--- Given records Enclosed Below ---

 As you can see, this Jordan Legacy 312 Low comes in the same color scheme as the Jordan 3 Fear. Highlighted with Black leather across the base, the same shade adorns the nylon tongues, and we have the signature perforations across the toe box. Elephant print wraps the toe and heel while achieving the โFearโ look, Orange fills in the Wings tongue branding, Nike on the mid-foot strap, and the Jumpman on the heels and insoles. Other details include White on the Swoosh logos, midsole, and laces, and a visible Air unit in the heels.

--- End of Enclosed Given records ---
--- Given records Enclosed Below ---

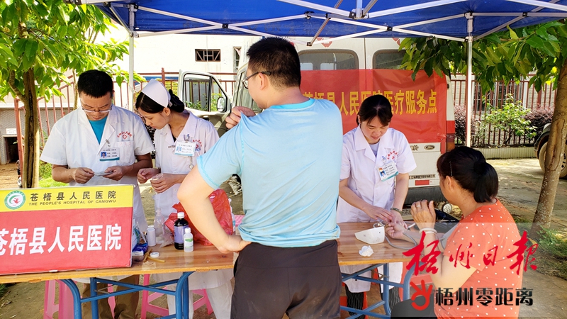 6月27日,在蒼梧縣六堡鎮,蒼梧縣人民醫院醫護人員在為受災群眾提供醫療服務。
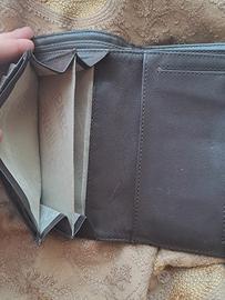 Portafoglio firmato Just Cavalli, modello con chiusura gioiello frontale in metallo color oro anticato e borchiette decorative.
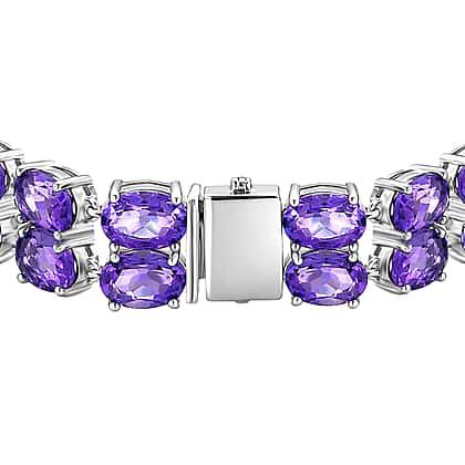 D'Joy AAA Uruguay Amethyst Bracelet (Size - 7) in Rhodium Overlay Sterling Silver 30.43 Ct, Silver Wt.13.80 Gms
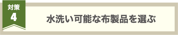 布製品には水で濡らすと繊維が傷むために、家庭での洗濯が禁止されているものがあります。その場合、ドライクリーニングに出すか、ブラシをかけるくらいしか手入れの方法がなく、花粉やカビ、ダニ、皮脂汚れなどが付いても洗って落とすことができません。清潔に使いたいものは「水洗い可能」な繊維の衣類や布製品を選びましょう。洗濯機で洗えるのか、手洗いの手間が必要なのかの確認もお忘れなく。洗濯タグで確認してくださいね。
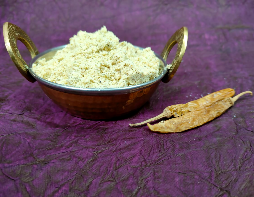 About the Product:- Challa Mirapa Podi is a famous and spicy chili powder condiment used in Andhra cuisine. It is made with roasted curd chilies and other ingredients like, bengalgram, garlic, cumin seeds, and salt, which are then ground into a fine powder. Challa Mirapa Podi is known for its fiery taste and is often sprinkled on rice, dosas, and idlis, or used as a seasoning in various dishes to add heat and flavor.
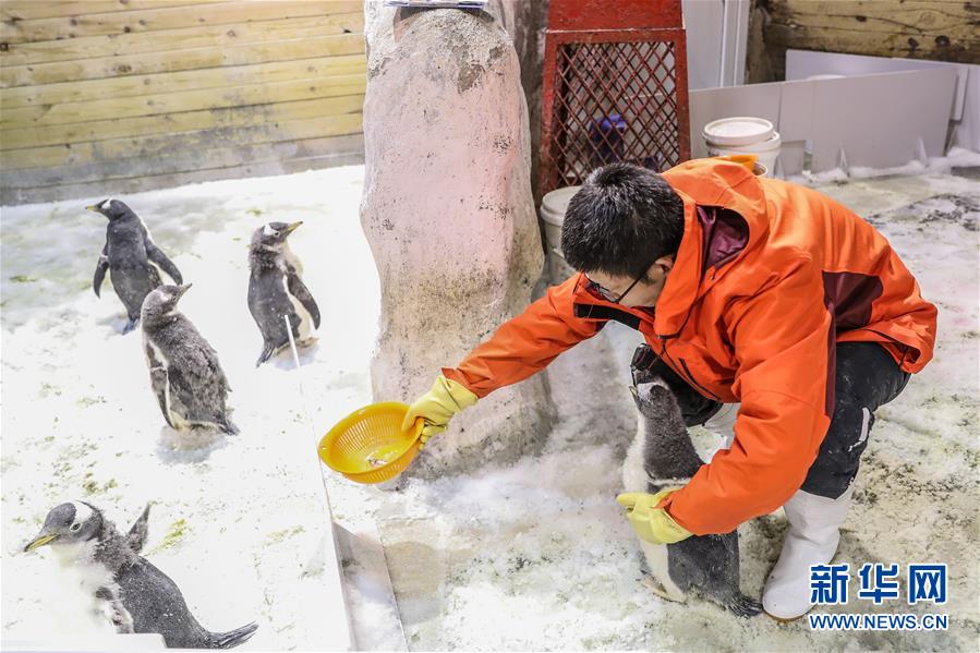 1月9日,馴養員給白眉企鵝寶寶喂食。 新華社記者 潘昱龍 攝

--- End of Enclosed Given records ---
--- Given records Enclosed Below ---

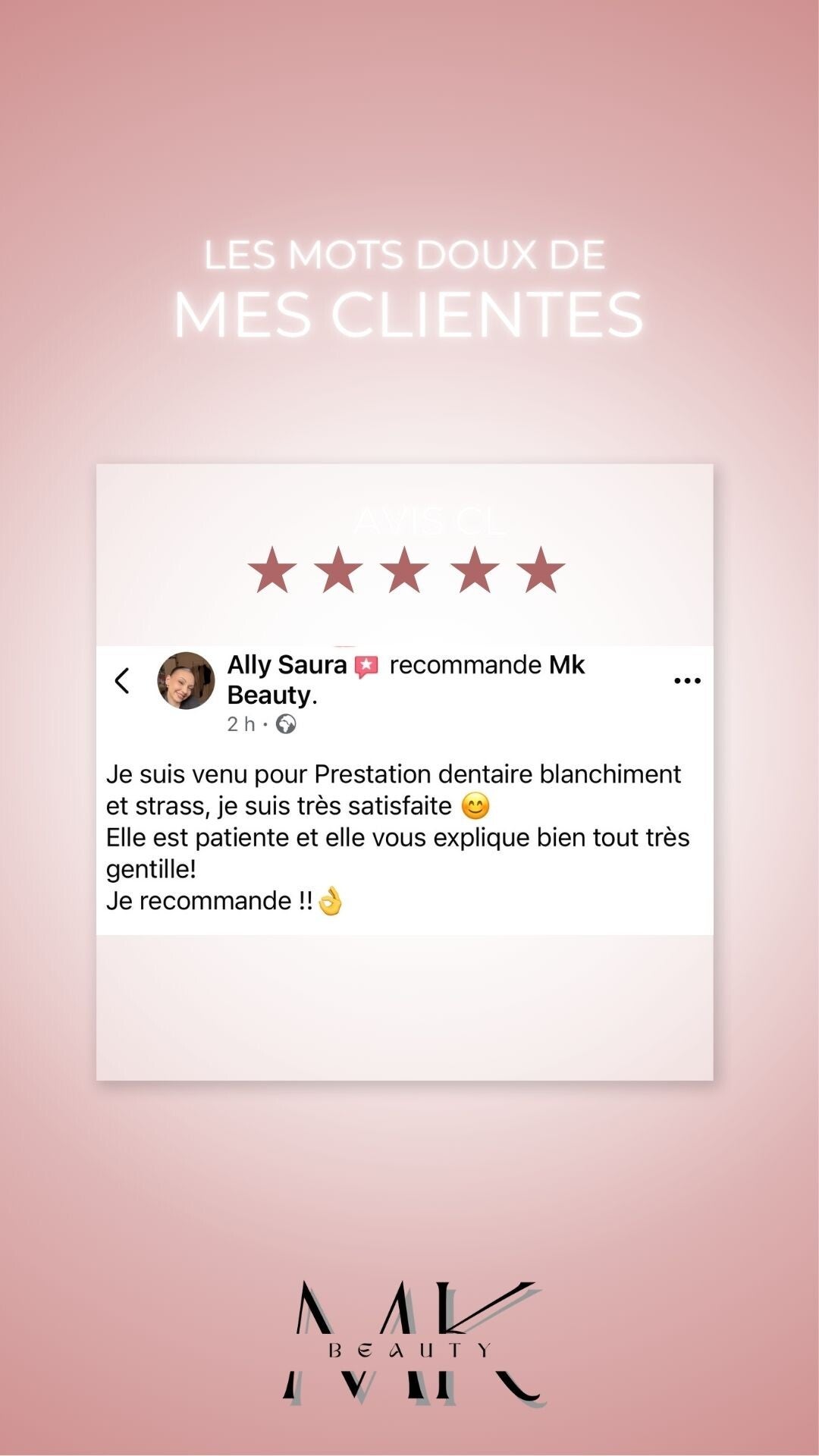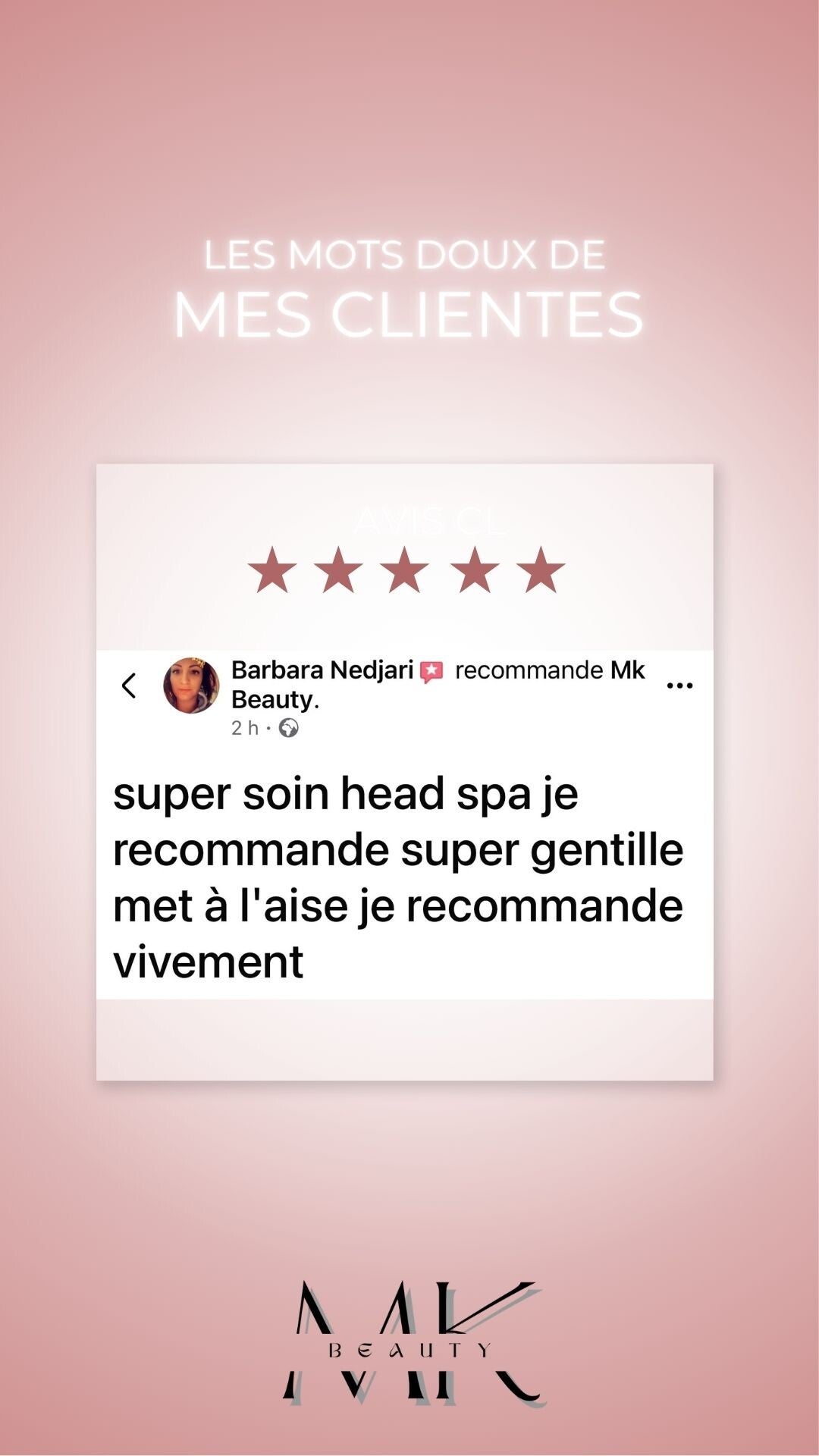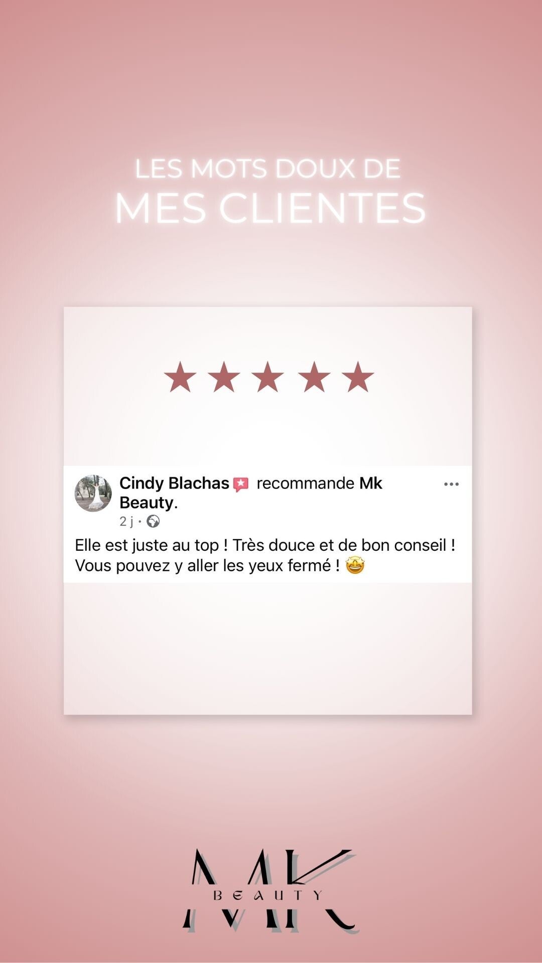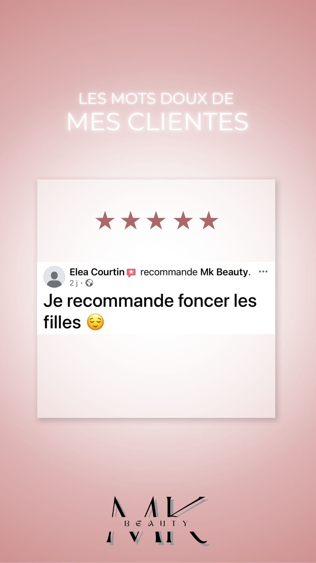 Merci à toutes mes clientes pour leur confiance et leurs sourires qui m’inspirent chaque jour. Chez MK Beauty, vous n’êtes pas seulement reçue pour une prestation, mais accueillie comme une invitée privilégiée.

--- End of Enclosed Given records ---

### Your task:
Please transcribe exactly the part of the records that opens with the line containing "D'Joy AAA Uruguay" and closes with the line containing "1月9日,馴養員給白眉企鵝寶寶喂食。 新華社記者 潘昱龍 攝", both ends included, and leave out the pictures.

### Output of the task:
 D'Joy AAA Uruguay Amethyst Bracelet (Size - 7) in Rhodium Overlay Sterling Silver 30.43 Ct, Silver Wt.13.80 Gms
 布製品には水で濡らすと繊維が傷むために、家庭での洗濯が禁止されているものがあります。その場合、ドライクリーニングに出すか、ブラシをかけるくらいしか手入れの方法がなく、花粉やカビ、ダニ、皮脂汚れなどが付いても洗って落とすことができません。清潔に使いたいものは「水洗い可能」な繊維の衣類や布製品を選びましょう。洗濯機で洗えるのか、手洗いの手間が必要なのかの確認もお忘れなく。洗濯タグで確認してくださいね。
 About the Product:- Challa Mirapa Podi is a famous and spicy chili powder condiment used in Andhra cuisine. It is made with roasted curd chilies and other ingredients like, bengalgram, garlic, cumin seeds, and salt, which are then ground into a fine powder. Challa Mirapa Podi is known for its fiery taste and is often sprinkled on rice, dosas, and idlis, or used as a seasoning in various dishes to add heat and flavor.
 1月9日,馴養員給白眉企鵝寶寶喂食。 新華社記者 潘昱龍 攝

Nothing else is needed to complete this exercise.